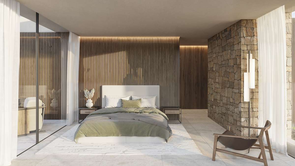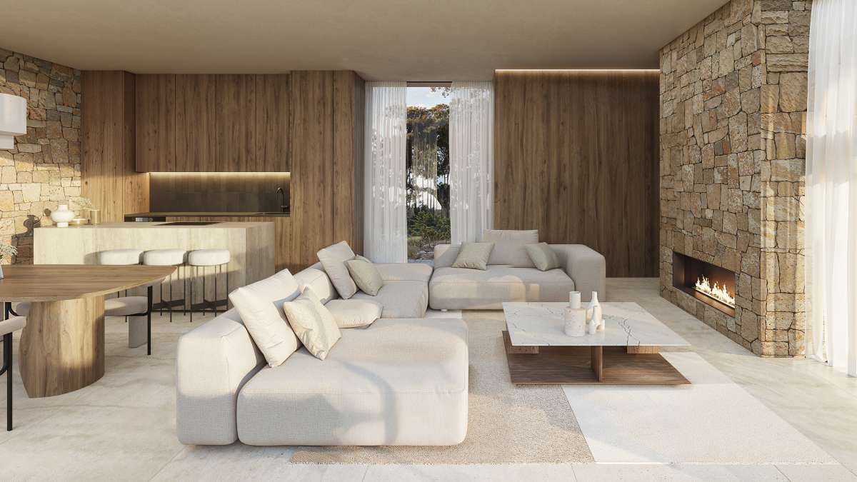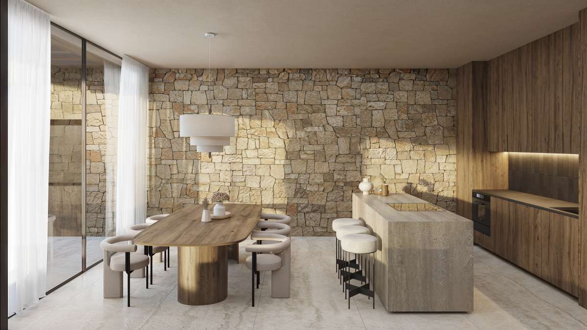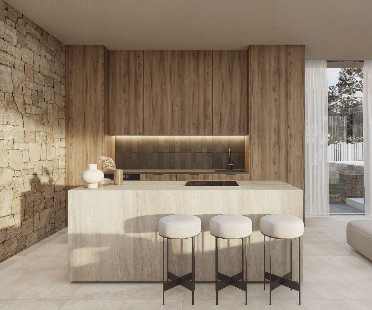 Designed by Pepe Giner Arquitectos this villa combines Mediterranean warmth with a refined modern aesthetic, blending natural stone, wood, and soft neutral tones to create a timeless architectural expression that merges seamlessly with the surrounding landscape. The villa extends over three levels and has a total built area of 716 m², distributed as follows: Inside areas: 342 m² Outside areas: 374 m² The main living level features a bright, open-plan layout with large floor-to-ceiling windows that frame the spectacular sea views and fill the interior with natural light. The living room, dining area, and kitchen connect directly to the expansive terrace, pool, and outdoor lounge area, creating a perfect indoor-outdoor flow for Mediterranean living. The villa offers four spacious bedrooms and three bathrooms plus a guest toilet, including a master suite with a private terrace and panoramic views of the sea. The interiors reflect a sophisticated balance between contemporary design and natural textures, with warm wood paneling, stone walls, and soft, neutral fabrics creating an atmosphere of comfort and understated elegance. The lower level includes practical spaces such as a gym, laundry room, and technical areas, with the possibility to customize part of the space for additional uses such as a cinema room or wine cellar. The outdoor area features a stunning infinity pool, large sun terraces, and a covered dining area under a wooden pergola, ideal for entertaining and enjoying the Mediterranean climate all year round. Located in a quiet residential street surrounded by luxury homes, this villa combines privacy, contemporary design, and proximity to the sea — an ideal choice for those seeking a stylish and functional residence on the Costa Blanca
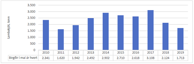 Á undanförnum árum hefur birgðastaða breyst mikið bæði vegna áhrifa fækkunar vetrarfóðraðra áa á dilkakjötsframleiðslu en einnig vegna átaks í útflutningi haustin 2016 og 2017. Ekki hefur verið sérstakt átak í útflutningi frá þeim tíma. Útflutningur af framleiðslu haustsins 2018 var í lok maí 3.300 tonn samanborið við 3.500 tonn af framleiðslu haustsins 2017 og 2.400 tonn af framleiðslu 2016 á sama tíma. Birgðir nú í lok maí voru um 1.700 tonn samanborið við 3.100 tonn í lok maí 2017. Birgðir á þessum árstíma hafa raunar ekki verið jafn litlar síðan árið 2011 en það haust hækkaði verð til bænda um 20% milli ára.
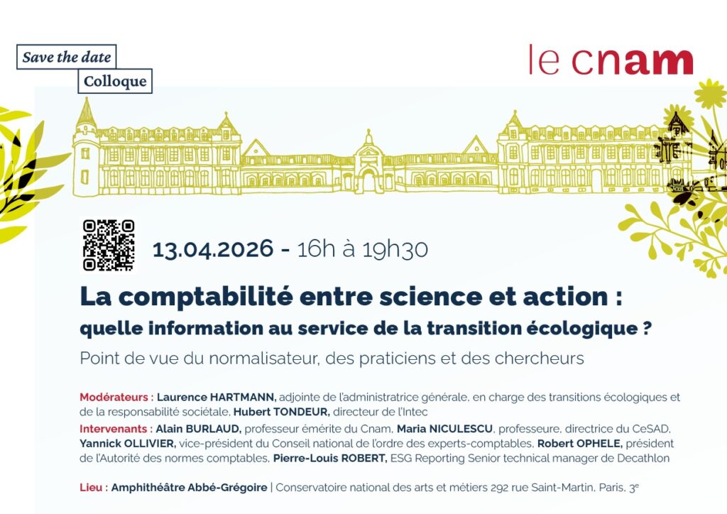 đŸŒ±La comptabilitĂ© entre science et action – Lundi 13 avril 2026 – 16h00 Ă  19h30 – Intec-Cnam

EXERCISE - Copy all of the listing word for word, minus the images.

RESPONSE TO THIS EXERCISE -
 Designed by Pepe Giner Arquitectos this villa combines Mediterranean warmth with a refined modern aesthetic, blending natural stone, wood, and soft neutral tones to create a timeless architectural expression that merges seamlessly with the surrounding landscape. The villa extends over three levels and has a total built area of 716 m², distributed as follows: Inside areas: 342 m² Outside areas: 374 m² The main living level features a bright, open-plan layout with large floor-to-ceiling windows that frame the spectacular sea views and fill the interior with natural light. The living room, dining area, and kitchen connect directly to the expansive terrace, pool, and outdoor lounge area, creating a perfect indoor-outdoor flow for Mediterranean living. The villa offers four spacious bedrooms and three bathrooms plus a guest toilet, including a master suite with a private terrace and panoramic views of the sea. The interiors reflect a sophisticated balance between contemporary design and natural textures, with warm wood paneling, stone walls, and soft, neutral fabrics creating an atmosphere of comfort and understated elegance. The lower level includes practical spaces such as a gym, laundry room, and technical areas, with the possibility to customize part of the space for additional uses such as a cinema room or wine cellar. The outdoor area features a stunning infinity pool, large sun terraces, and a covered dining area under a wooden pergola, ideal for entertaining and enjoying the Mediterranean climate all year round. Located in a quiet residential street surrounded by luxury homes, this villa combines privacy, contemporary design, and proximity to the sea — an ideal choice for those seeking a stylish and functional residence on the Costa Blanca
 Á undanförnum árum hefur birgðastaða breyst mikið bæði vegna áhrifa fækkunar vetrarfóðraðra áa á dilkakjötsframleiðslu en einnig vegna átaks í útflutningi haustin 2016 og 2017. Ekki hefur verið sérstakt átak í útflutningi frá þeim tíma. Útflutningur af framleiðslu haustsins 2018 var í lok maí 3.300 tonn samanborið við 3.500 tonn af framleiðslu haustsins 2017 og 2.400 tonn af framleiðslu 2016 á sama tíma. Birgðir nú í lok maí voru um 1.700 tonn samanborið við 3.100 tonn í lok maí 2017. Birgðir á þessum árstíma hafa raunar ekki verið jafn litlar síðan árið 2011 en það haust hækkaði verð til bænda um 20% milli ára.
 đŸŒ±La comptabilitĂ© entre science et action – Lundi 13 avril 2026 – 16h00 Ă  19h30 – Intec-Cnam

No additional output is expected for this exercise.